■ What this task involves
Transcribe, word for word, all of the entries below, and exclude any pictures from the copy.

■ Source material

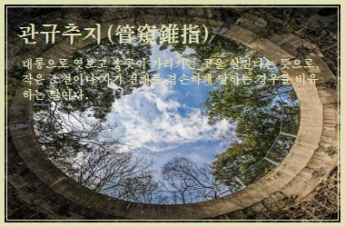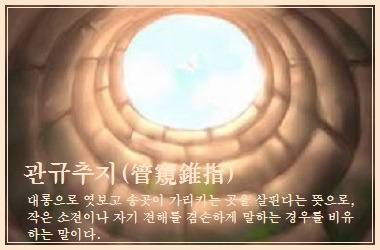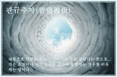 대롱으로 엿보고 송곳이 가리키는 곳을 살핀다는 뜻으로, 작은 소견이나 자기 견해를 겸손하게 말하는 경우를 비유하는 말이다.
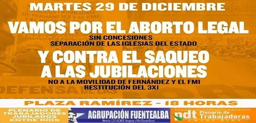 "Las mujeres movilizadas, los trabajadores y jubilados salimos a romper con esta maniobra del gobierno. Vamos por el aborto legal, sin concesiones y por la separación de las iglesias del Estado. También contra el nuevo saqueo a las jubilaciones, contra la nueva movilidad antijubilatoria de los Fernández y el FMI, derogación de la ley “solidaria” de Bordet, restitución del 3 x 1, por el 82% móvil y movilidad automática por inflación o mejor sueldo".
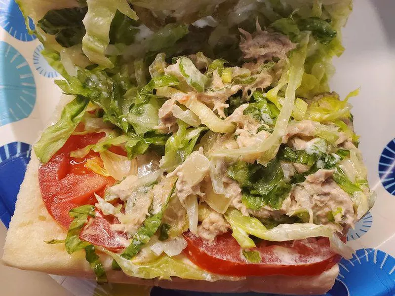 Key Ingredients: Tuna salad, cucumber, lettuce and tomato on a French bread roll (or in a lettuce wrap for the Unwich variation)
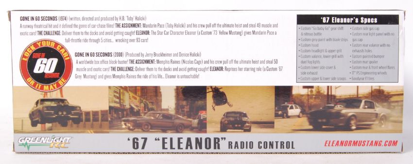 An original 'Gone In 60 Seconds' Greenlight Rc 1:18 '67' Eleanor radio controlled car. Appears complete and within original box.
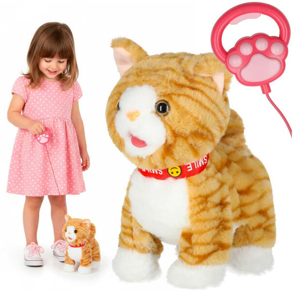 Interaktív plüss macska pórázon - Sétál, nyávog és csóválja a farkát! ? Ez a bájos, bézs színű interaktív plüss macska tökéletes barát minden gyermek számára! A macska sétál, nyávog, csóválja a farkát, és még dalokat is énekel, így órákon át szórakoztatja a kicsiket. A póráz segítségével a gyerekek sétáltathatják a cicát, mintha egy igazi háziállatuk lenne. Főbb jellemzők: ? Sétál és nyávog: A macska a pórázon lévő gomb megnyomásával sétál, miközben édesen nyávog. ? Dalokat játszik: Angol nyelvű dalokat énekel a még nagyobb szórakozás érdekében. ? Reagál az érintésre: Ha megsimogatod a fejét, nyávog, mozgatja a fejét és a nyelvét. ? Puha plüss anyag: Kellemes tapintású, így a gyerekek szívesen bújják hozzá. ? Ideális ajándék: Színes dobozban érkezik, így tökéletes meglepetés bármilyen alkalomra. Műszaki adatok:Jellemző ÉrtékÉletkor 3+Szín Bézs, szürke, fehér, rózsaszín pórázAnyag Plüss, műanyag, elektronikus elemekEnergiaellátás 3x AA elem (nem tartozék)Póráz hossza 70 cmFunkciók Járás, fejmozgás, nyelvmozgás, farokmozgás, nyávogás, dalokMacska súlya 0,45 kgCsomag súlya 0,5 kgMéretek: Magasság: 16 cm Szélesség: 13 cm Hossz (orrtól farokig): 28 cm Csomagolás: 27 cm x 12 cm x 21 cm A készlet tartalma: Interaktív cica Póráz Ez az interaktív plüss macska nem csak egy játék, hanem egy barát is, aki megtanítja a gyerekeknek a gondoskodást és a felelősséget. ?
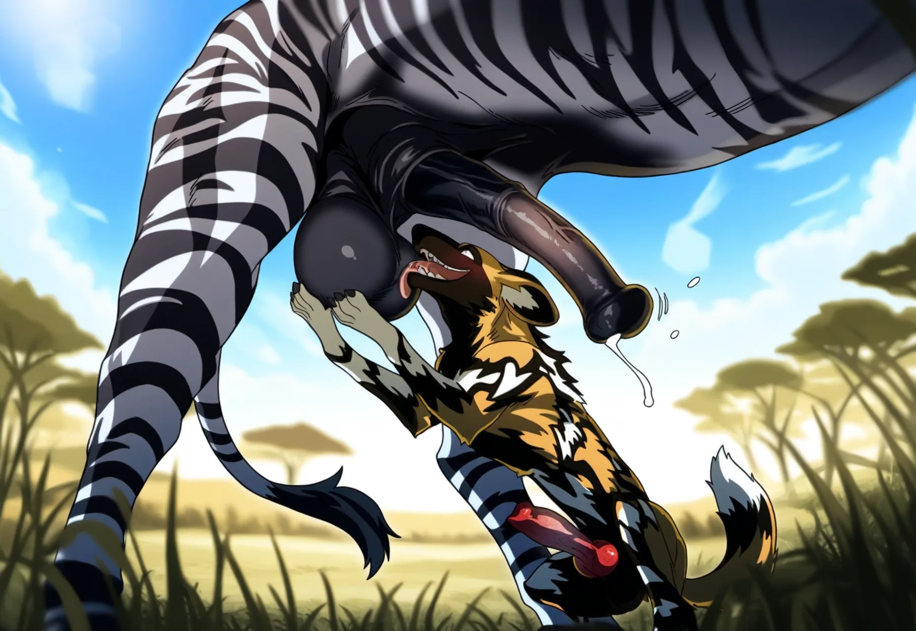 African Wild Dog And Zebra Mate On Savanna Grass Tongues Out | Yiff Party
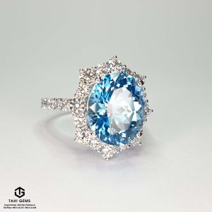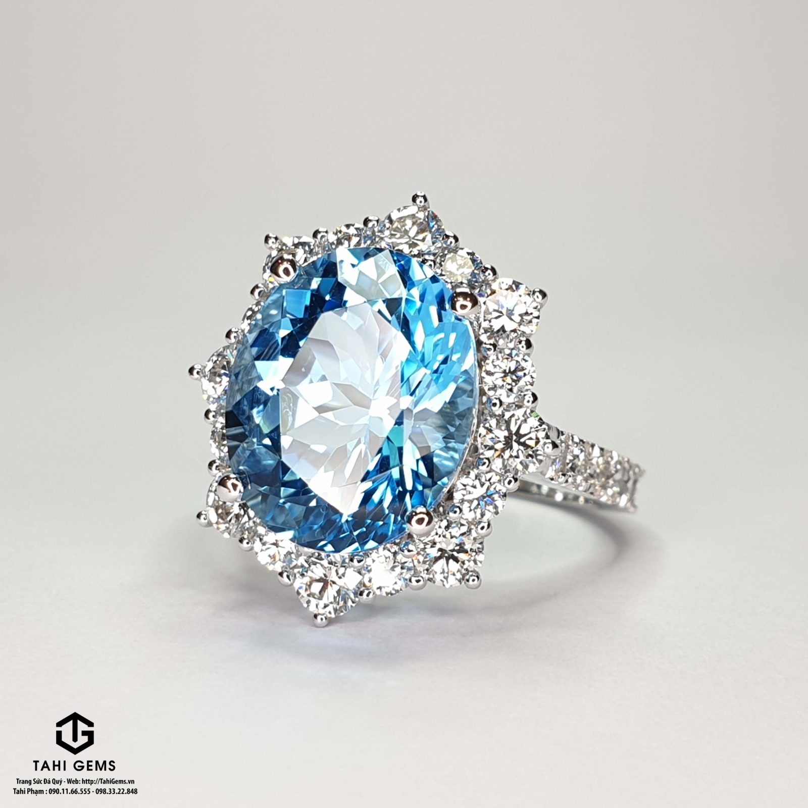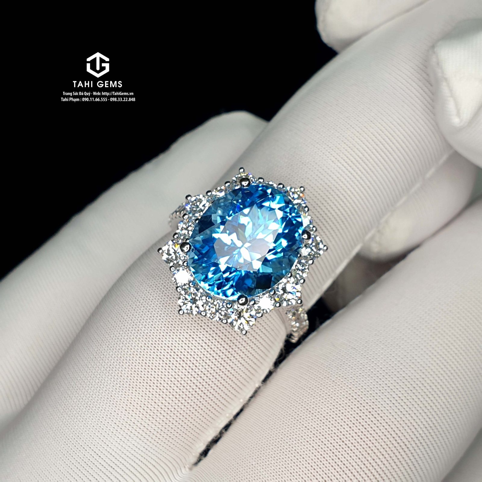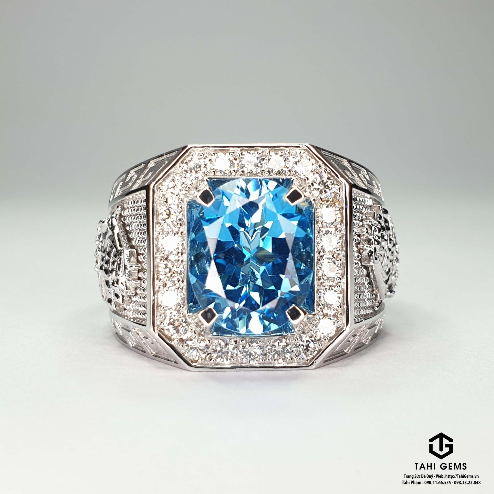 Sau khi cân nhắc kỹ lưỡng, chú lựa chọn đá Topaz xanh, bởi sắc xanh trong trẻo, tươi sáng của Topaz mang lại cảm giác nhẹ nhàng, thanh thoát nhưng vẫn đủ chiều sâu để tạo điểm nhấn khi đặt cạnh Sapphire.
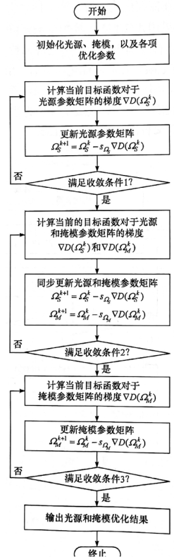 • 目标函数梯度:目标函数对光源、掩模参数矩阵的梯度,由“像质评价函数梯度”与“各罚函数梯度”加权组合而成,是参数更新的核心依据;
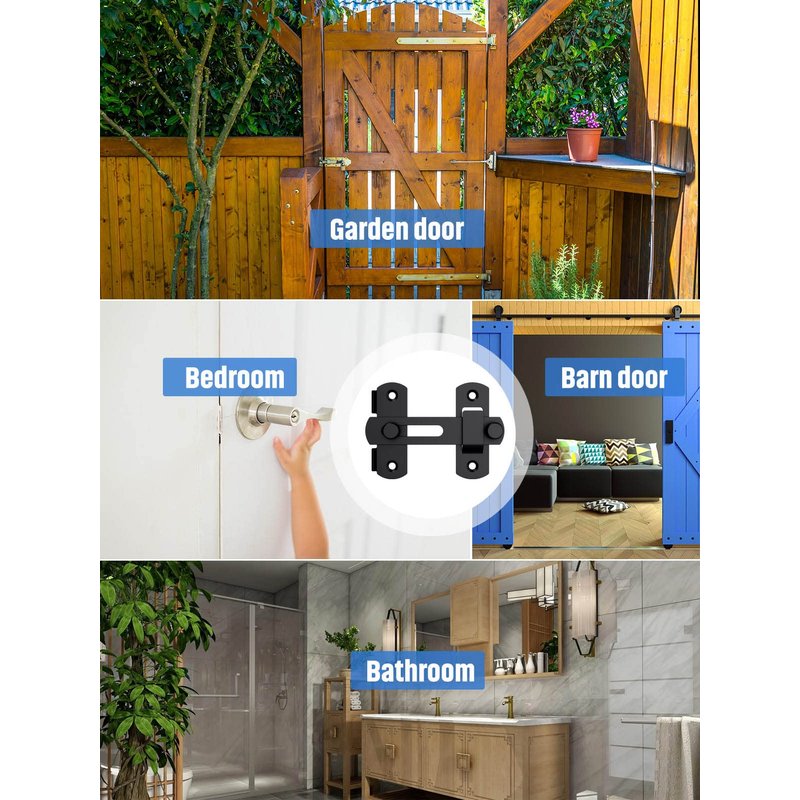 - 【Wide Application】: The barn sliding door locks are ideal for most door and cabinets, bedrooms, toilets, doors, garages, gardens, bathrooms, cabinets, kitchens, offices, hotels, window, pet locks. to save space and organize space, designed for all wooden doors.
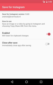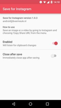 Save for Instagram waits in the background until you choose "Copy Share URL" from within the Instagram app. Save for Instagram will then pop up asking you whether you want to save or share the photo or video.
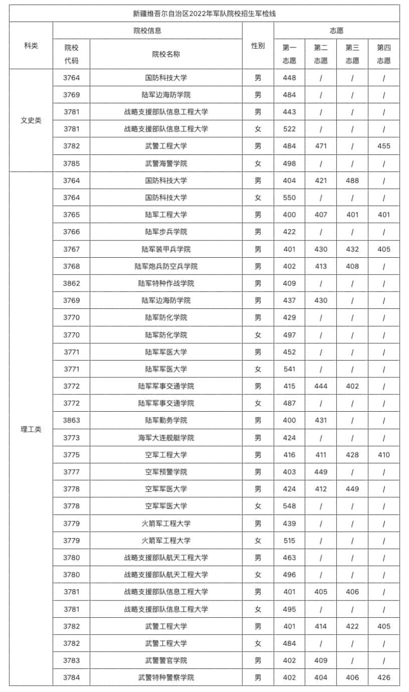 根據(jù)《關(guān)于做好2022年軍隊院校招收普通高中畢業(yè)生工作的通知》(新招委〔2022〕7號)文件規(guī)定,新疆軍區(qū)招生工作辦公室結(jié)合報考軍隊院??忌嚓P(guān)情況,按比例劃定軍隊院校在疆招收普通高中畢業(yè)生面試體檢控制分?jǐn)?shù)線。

■ Task answer
 대롱으로 엿보고 송곳이 가리키는 곳을 살핀다는 뜻으로, 작은 소견이나 자기 견해를 겸손하게 말하는 경우를 비유하는 말이다.
 "Las mujeres movilizadas, los trabajadores y jubilados salimos a romper con esta maniobra del gobierno. Vamos por el aborto legal, sin concesiones y por la separación de las iglesias del Estado. También contra el nuevo saqueo a las jubilaciones, contra la nueva movilidad antijubilatoria de los Fernández y el FMI, derogación de la ley “solidaria” de Bordet, restitución del 3 x 1, por el 82% móvil y movilidad automática por inflación o mejor sueldo".
 Key Ingredients: Tuna salad, cucumber, lettuce and tomato on a French bread roll (or in a lettuce wrap for the Unwich variation)
 An original 'Gone In 60 Seconds' Greenlight Rc 1:18 '67' Eleanor radio controlled car. Appears complete and within original box.
 Interaktív plüss macska pórázon - Sétál, nyávog és csóválja a farkát! ? Ez a bájos, bézs színű interaktív plüss macska tökéletes barát minden gyermek számára! A macska sétál, nyávog, csóválja a farkát, és még dalokat is énekel, így órákon át szórakoztatja a kicsiket. A póráz segítségével a gyerekek sétáltathatják a cicát, mintha egy igazi háziállatuk lenne. Főbb jellemzők: ? Sétál és nyávog: A macska a pórázon lévő gomb megnyomásával sétál, miközben édesen nyávog. ? Dalokat játszik: Angol nyelvű dalokat énekel a még nagyobb szórakozás érdekében. ? Reagál az érintésre: Ha megsimogatod a fejét, nyávog, mozgatja a fejét és a nyelvét. ? Puha plüss anyag: Kellemes tapintású, így a gyerekek szívesen bújják hozzá. ? Ideális ajándék: Színes dobozban érkezik, így tökéletes meglepetés bármilyen alkalomra. Műszaki adatok:Jellemző ÉrtékÉletkor 3+Szín Bézs, szürke, fehér, rózsaszín pórázAnyag Plüss, műanyag, elektronikus elemekEnergiaellátás 3x AA elem (nem tartozék)Póráz hossza 70 cmFunkciók Járás, fejmozgás, nyelvmozgás, farokmozgás, nyávogás, dalokMacska súlya 0,45 kgCsomag súlya 0,5 kgMéretek: Magasság: 16 cm Szélesség: 13 cm Hossz (orrtól farokig): 28 cm Csomagolás: 27 cm x 12 cm x 21 cm A készlet tartalma: Interaktív cica Póráz Ez az interaktív plüss macska nem csak egy játék, hanem egy barát is, aki megtanítja a gyerekeknek a gondoskodást és a felelősséget. ?
 African Wild Dog And Zebra Mate On Savanna Grass Tongues Out | Yiff Party
 Sau khi cân nhắc kỹ lưỡng, chú lựa chọn đá Topaz xanh, bởi sắc xanh trong trẻo, tươi sáng của Topaz mang lại cảm giác nhẹ nhàng, thanh thoát nhưng vẫn đủ chiều sâu để tạo điểm nhấn khi đặt cạnh Sapphire.
 • 目标函数梯度:目标函数对光源、掩模参数矩阵的梯度,由“像质评价函数梯度”与“各罚函数梯度”加权组合而成,是参数更新的核心依据;
 - 【Wide Application】: The barn sliding door locks are ideal for most door and cabinets, bedrooms, toilets, doors, garages, gardens, bathrooms, cabinets, kitchens, offices, hotels, window, pet locks. to save space and organize space, designed for all wooden doors.
 Save for Instagram waits in the background until you choose "Copy Share URL" from within the Instagram app. Save for Instagram will then pop up asking you whether you want to save or share the photo or video.
 根據(jù)《關(guān)于做好2022年軍隊院校招收普通高中畢業(yè)生工作的通知》(新招委〔2022〕7號)文件規(guī)定,新疆軍區(qū)招生工作辦公室結(jié)合報考軍隊院??忌嚓P(guān)情況,按比例劃定軍隊院校在疆招收普通高中畢業(yè)生面試體檢控制分?jǐn)?shù)線。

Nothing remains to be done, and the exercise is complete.